Principle of Parsimony

3 min readJun 6, 2019

The principle of parsimony also referred as Occam’s razor explains the selection of the simplest explanation that fits for best results when we have more than one option to choose. When we apply principle of parsimony, we tend to select the phenomena with the least entity. However, in principle of parsimony it is more about considering the simplest and relevant explanation. So we can say that “the assumption which is simplest as well as has all necessary information required to get a hold on the experiment we are into” justifies the principle of Parsimony. We can use principle of parsimony in many scenarios or events in our day to day life including Data Science model predictions.

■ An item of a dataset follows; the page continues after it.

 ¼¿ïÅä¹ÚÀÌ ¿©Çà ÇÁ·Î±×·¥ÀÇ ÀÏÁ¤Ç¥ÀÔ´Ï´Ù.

Lets us assume two cases: Case 1, where in there are total 8 supporting evidences to explain an event and Case 2, wherein there are 5 supporting evidences to explain an event. So, according to principle of parsimony, we tend to select Case 2, provided all the evidences are important and relevant.

Let us have a look on examples from specific fields.

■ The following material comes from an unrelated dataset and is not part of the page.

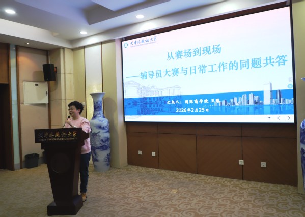 天津市最美高校辅导员、辅导员素质能力大赛一等奖获得者——国际商学院王臻以“从赛场到现场——辅导员大赛与日常工作的同题共答”为题,带来了一场精彩分享。她结合参赛经历,围绕基础知识测试、案例研讨、谈心谈话三个环节,与辅导员老师们共同审视日常工作中的“考题”与“答案”。她谈到,大赛是日常工作的集中体现,专业化不是经验的堆砌,而是在思考中将实践转化为可迁移的方法论;精准思政不是一句口号,而是在看见真实学生的基础上,让教育真正发生。王臻的分享既是对大赛经验的凝练复盘,更是对辅导员岗位使命的深刻回应。从赛场到现场,同题共答、知行合一。

Principle of Parsimony in route selection:

In Data Structures, we come across a theory of shortest spanning tree for simplest route selection. This route selection can be made using many algorithms available in data structures. Example: Prim’s algorithm, Krushkal’s algorithm etc. So, before we construct any algorithm, we consider a theory which would provide us the shortest and the best path without affecting much on the time and cost it takes to reach the destination.

Example: If we have to reach Delhi from Haridwar, the wise way would be to select the simplest and safest path rather than choosing a complex route which takes huge amount of time in the journey and also consumes fuel cost.

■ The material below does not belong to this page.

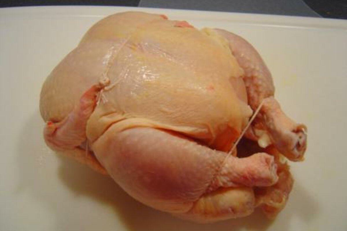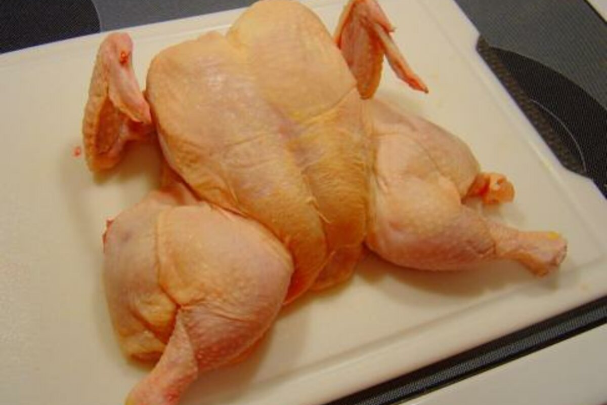 Start with a whole chicken on a cutting board. You don鈥檛 need to rinse it yet unless it is really nasty- because you will rinse it later.

2. Principle of Parsimony in Regression technique of Machine Learning domain:

When it comes to model building in linear regression and multiple linear regression technique, we tend to see coefficient of determination, R2 for accuracy of the model we have build.

For example, consider a large dataset which has 8 attributes and 1 target variable. There are many cases when we come across collinearity between multiple variables. In such a scenario, there can be a downfall in the accuracy measure of the model. After multiple comparisons and deletion of the unnecessary variables we may be able to increase the accuracy value of the model.

Let us take an example below:

Z is the dependant variable and A, B, C, D, E, F, G, H, I are the rest of the independent variables to create a multiple linear regression model.

Note: The measure of accuracy can be found out by using any software R, python, etc.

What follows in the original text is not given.